« Là, il y a un tournant judiciaire. Elle (l'ex-comptable) a été totalement manipulée par Mediapart », a-t-on déclaré dans l'entourage de Nicolas Sarkozy. « Elle disculpe totalement et clairement le président de la République », a-t-on ajouté. Eric Woerth est « aussi » blanchi, estime-t-on à l'Élysée.
L'avocat de Claire Thibout, Antoine Gillot, a cependant déploré les conditions d'audition de sa cliente à son domicile par des policiers dépêchés spécialement dans le sud de la France et il a dénoncé des « pressions » du parquet. « Je trouve absolument scandaleux l'acharnement du parquet à son encontre », a-t-il déclaré à Reuters. Claire Thibout est revenue à Paris avec les policiers hier, dans le but possible, selon l'avocat, d'une confrontation avec Patrice de Maistre, qui nie ses accusations.
Mediapart a, de son côté, maintenu la teneur des entretiens avec Claire Thibout, sans préciser s'ils avaient été enregistrés. Ils ont été réalisés, dit la rédaction, en présence de tiers témoins.
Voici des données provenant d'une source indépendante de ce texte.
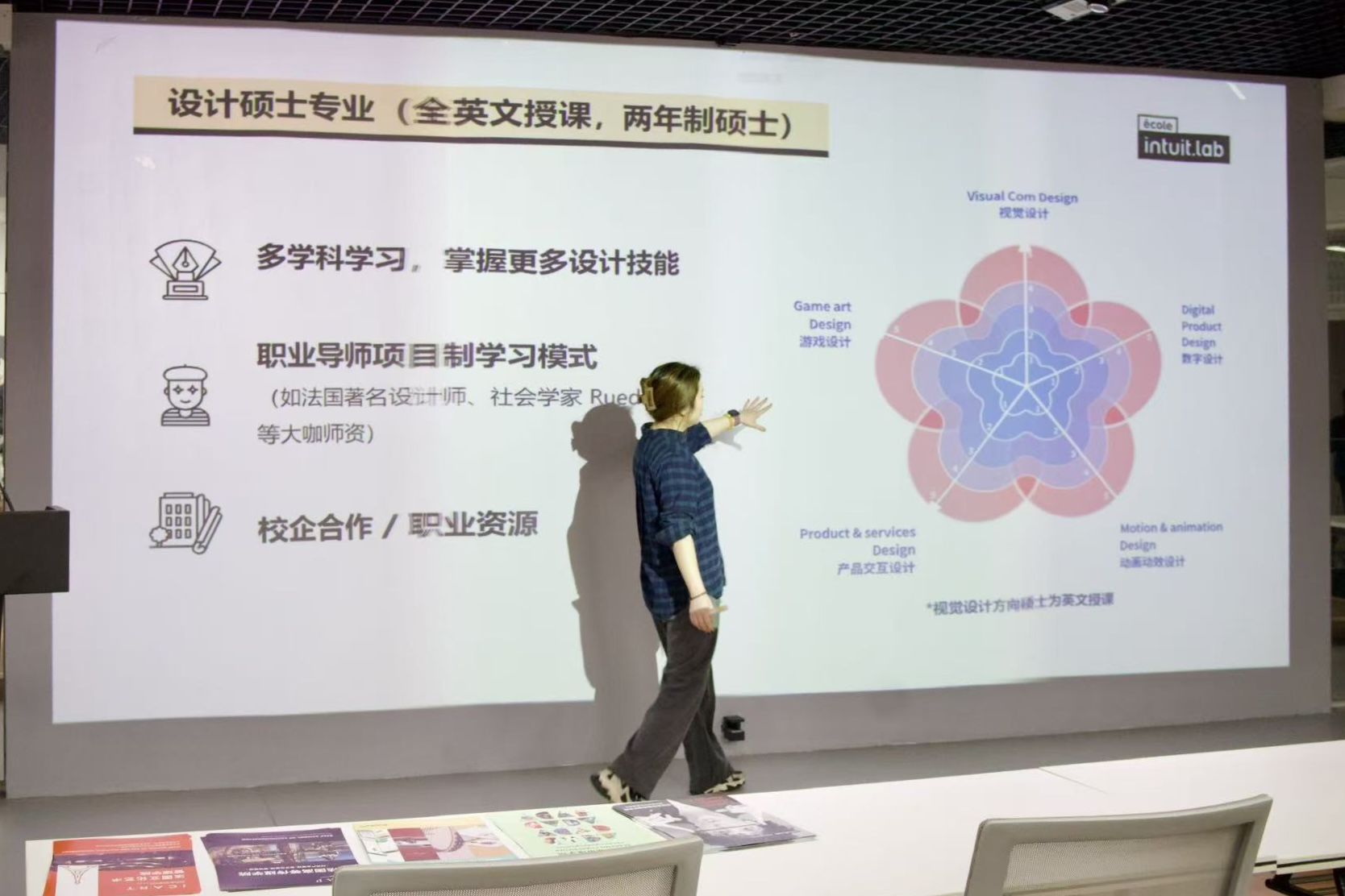 公开课上,李老师围绕法国艺术教育优势展开分享,介绍了法国自由创作、跨学科实践的教育特色,以及生活补贴、就业支持等完善保障。随后,李老师详细介绍了法国顶尖艺术院校资源,相关院校硕士文凭获中、法两国教育部认证,校企合作资源丰富,为学生提供了优质的学习与实践平台。

Les carnets de l'ancienne comptable, un temps disparus, ont par ailleurs été retrouvés chez Liliane Bettencourt, qui avait pourtant déposé plainte pour « vol ». Ils ont été remis à la police par l'avocat de l'héritière, Me Georges Kiejman. Lors d'une conférence de presse, cet avocat s'en est pris à la comptable. « Elle ment parce qu'elle est blessée dans son amour-propre, blessée d'être écartée de la vie de Liliane Bettencourt », a-t-il estimé. Il a montré aux journalistes des photocopies de ces carnets manuscrits sur lesquels Claire Thibout consignait les retraits en espèces et leur usage. On peut y lire la trace d'un retrait de 50 000 euros sur un compte de Liliane Bettencourt à la BNP à la date du 26 mars 2007, évoquée par Mediapart, mais jamais mentionné devant la police par Claire Thibout. On voit également à la date de janvier 2007 mention d'un retrait de 100 000 euros avec la mention « Monsieur », apparente allusion à André Bettencourt (décédé en novembre 2007). Georges Kiejman n'a pu dire quel usage signifiait la mention « Monsieur ».
L'enquête reste sous le contrôle du procureur de Nanterre Philippe Courroye, qui n'a pas caché dans le passé son amitié avec Nicolas Sarkozy. Ce point a suscité une réaction de l'Union syndicale des magistrats, qui estime que le procureur devrait se dessaisir au profit d'un juge d'instruction.